Yes, just make sure you make sure you understand the distinctions below:

$\frac{2}{\sqrt2}$ is obtained by multiplying the $\sqrt2$ by 1 or $\frac{\sqrt2}{\sqrt2}$.

$$\left(\frac{\sqrt2}{1}\right)\left(\frac{\sqrt2}{\sqrt2}\right) = \frac{2}{\sqrt2}$$

This happens clearly because the two square roots cancel each other out due to the fact that the squaring operator is the inverse of the square-root operator, and vice versa.

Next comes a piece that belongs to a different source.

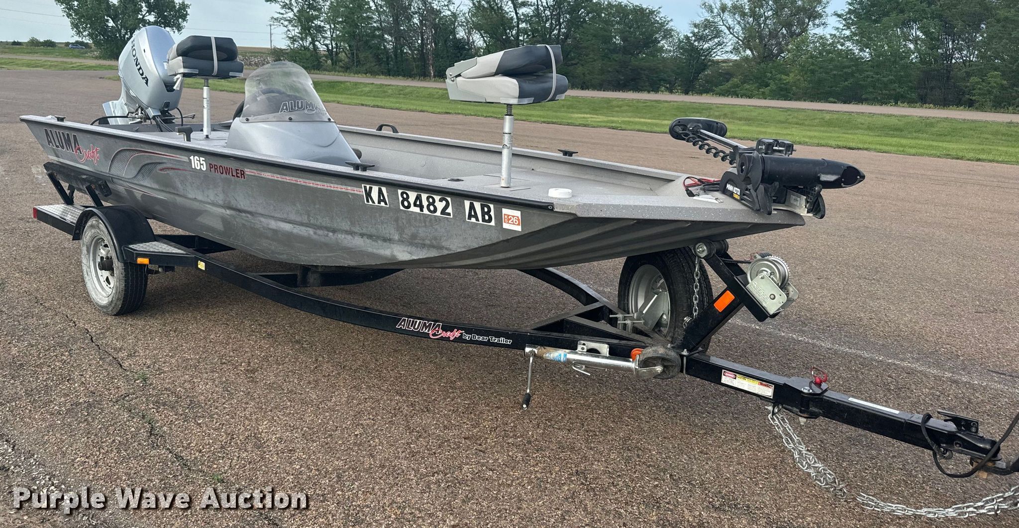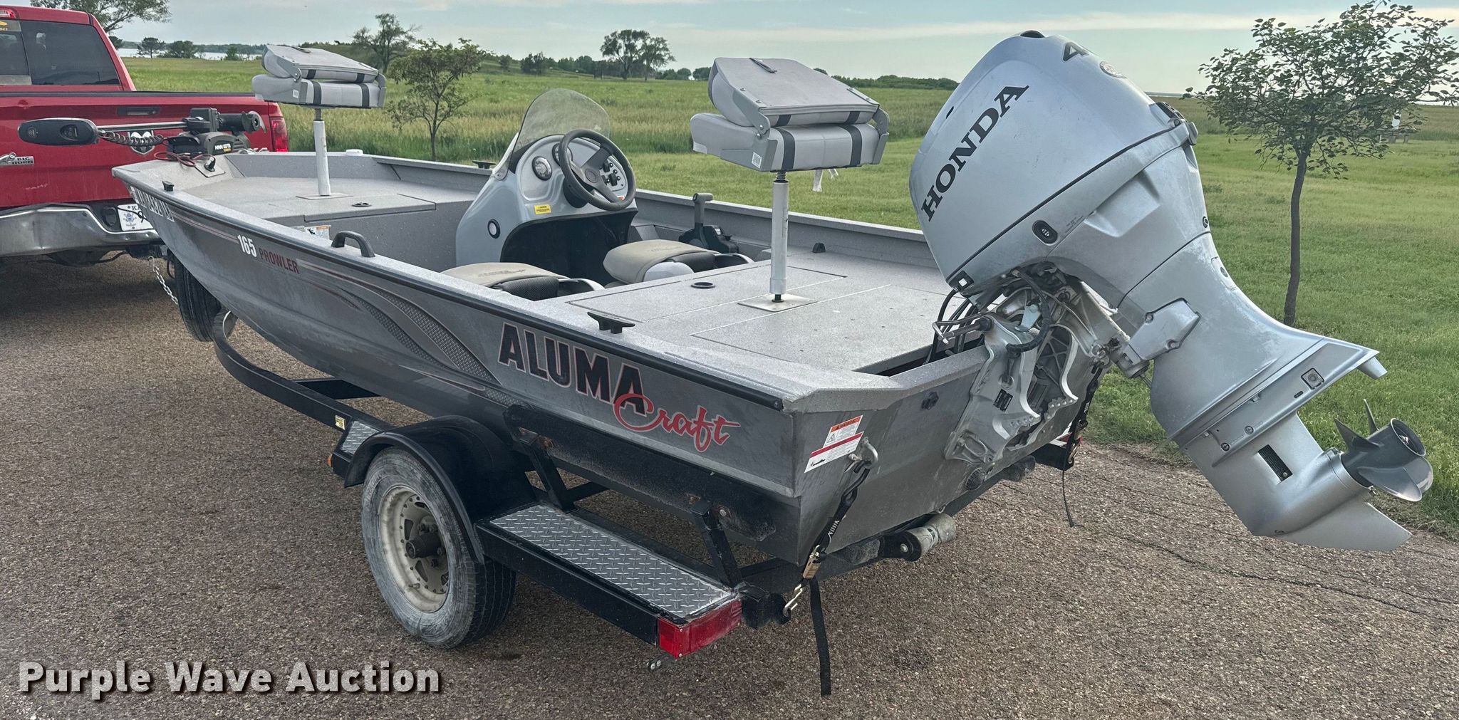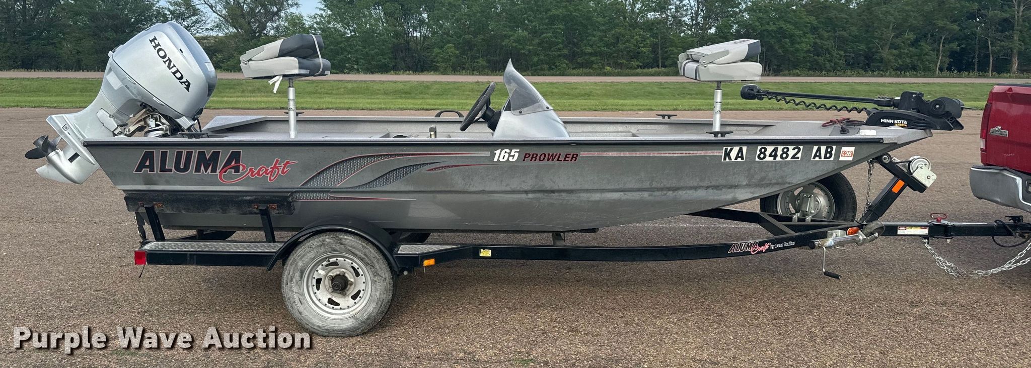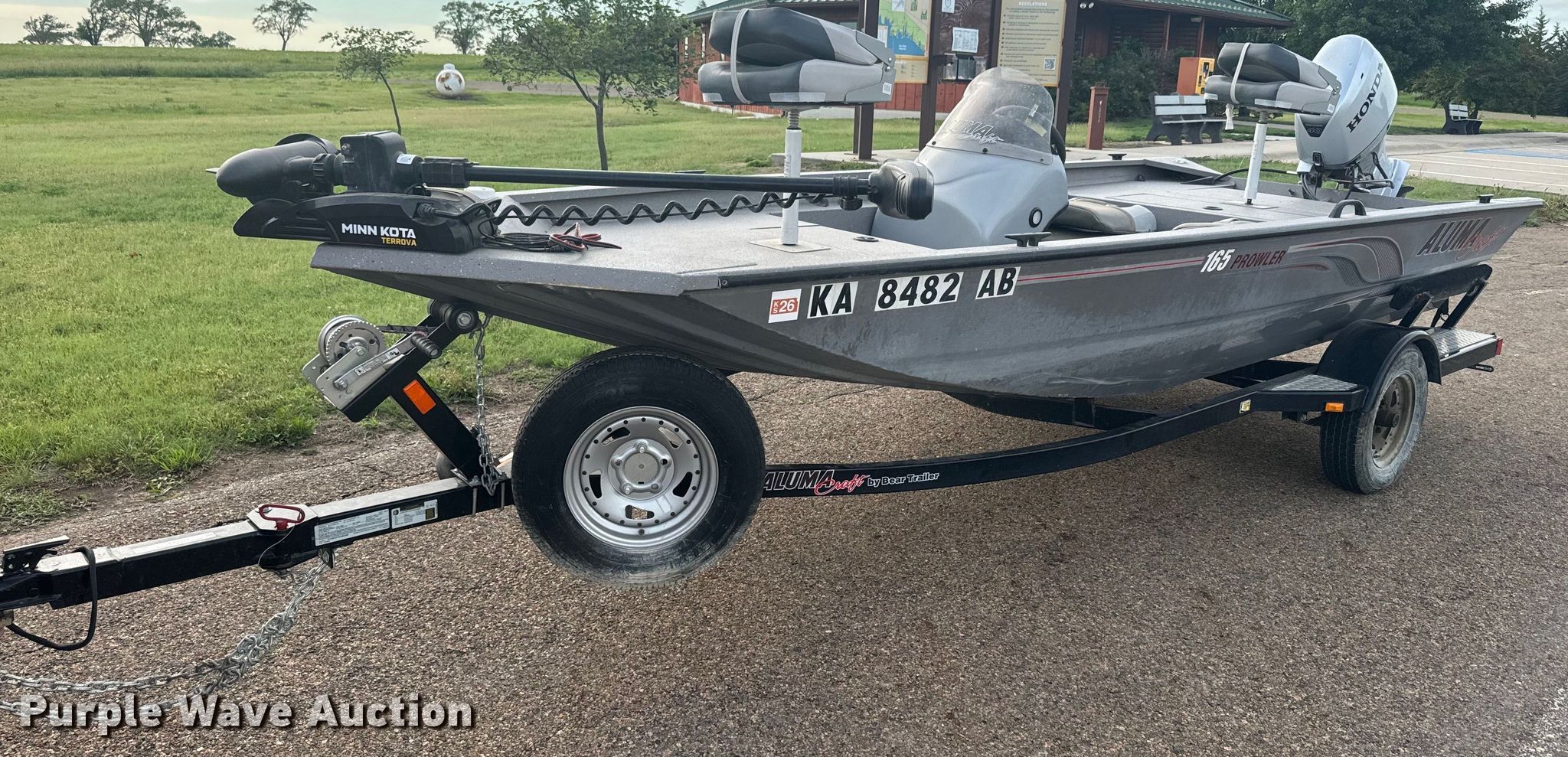 2016 Aluma Craft 165 Prowler boat. Hours: Unknown, Length: 16' 3", Hull ID: ACBW7782F616. Engine Engine type: Outboard, Honda, Fuel type: Gas, HP: 40, Outdrive Propeller: Aluminum. Operators station Capacity Person: 4, 510 lbs. Features Trolling motor: Minn Kota Terrova I-pilot. Trailer 2016 Bear Trailers, VIN: 41YAB1811G1065369, GVWR: 2,000 lbs, Ball hitch size: 2", Axles: Single, Tire size: ST175/80R13. Boat: Idaho title. Trailer: Transfer of ownership of the boat trailer will be a bill of sale. Glen Elder, KS 67446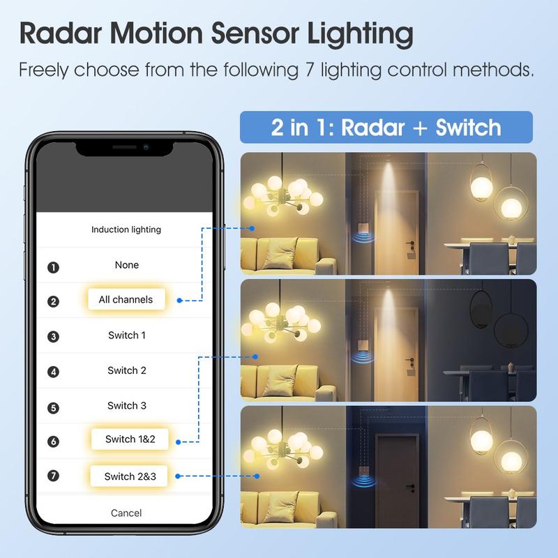 Revolutionieren Sie Ihr Lichtmanagement zu Hause mit dem MG-KG126 Zigbee Radar Smart Switch. Dieser intelligente Wandschalter, der sich in zwei Richtungen schalten lässt, bietet automatische Bewegungserkennung, App-Fernsteuerung und flexible Zeitplanung über die Tuya-Plattform. Der eingebaute Radarsensor erkennt die Anwesenheit von Personen und sorgt dafür, dass die Beleuchtung mühelos ein- und ausgeschaltet wird - das spart Zeit und Energie.

Now let's perform the same method on x.

$$\left(\frac{x}{1}\right)\left(\frac{x}{x}\right) = \frac{x^2}{x}$$

$x \neq \frac{2}{x}$ unless we first explicitly state that x = $\sqrt2$.

3

I think I have simply stated the definition of the square root, since multiplying $x = \frac{2}{x}$ by $x$ gives $x^2 = 2$, so $x = \sqrt2$

  • 4
    Two things: First, you need to be careful: you omitted the solution $x = -\sqrt{2}$. Second: If you have a square root in the denominator it is good practice to eliminate it by expanding the fraction as described in Mr_CryptoPrime's answer.2011-04-12
3

$$\frac{2}{\sqrt{2}} = \frac{\sqrt{2}\sqrt{2}}{\sqrt{2}} = \sqrt{2}$$

2

Mr_CryptoPrime's answer is the right way to think about this, but here is another way to see it. Since $\sqrt{2}$ can be defined as a positive real $x$ number such that $x^2=2$, we can ask ourselves whether $2/\sqrt{2}$ satisfies these two properties:

  • $2/\sqrt{2}$ is a positive real number (because it is a quotient of two positive real numbers), and
  • $\displaystyle \left(\frac{2}{\sqrt{2}}\right)^2 = \frac{2^2}{(\sqrt{2})^2} = \frac{4}{2} = 2.$

Thus, $2/\sqrt{2}$ satisfies the properties that define $\sqrt{2}$, and the two numbers must be equal.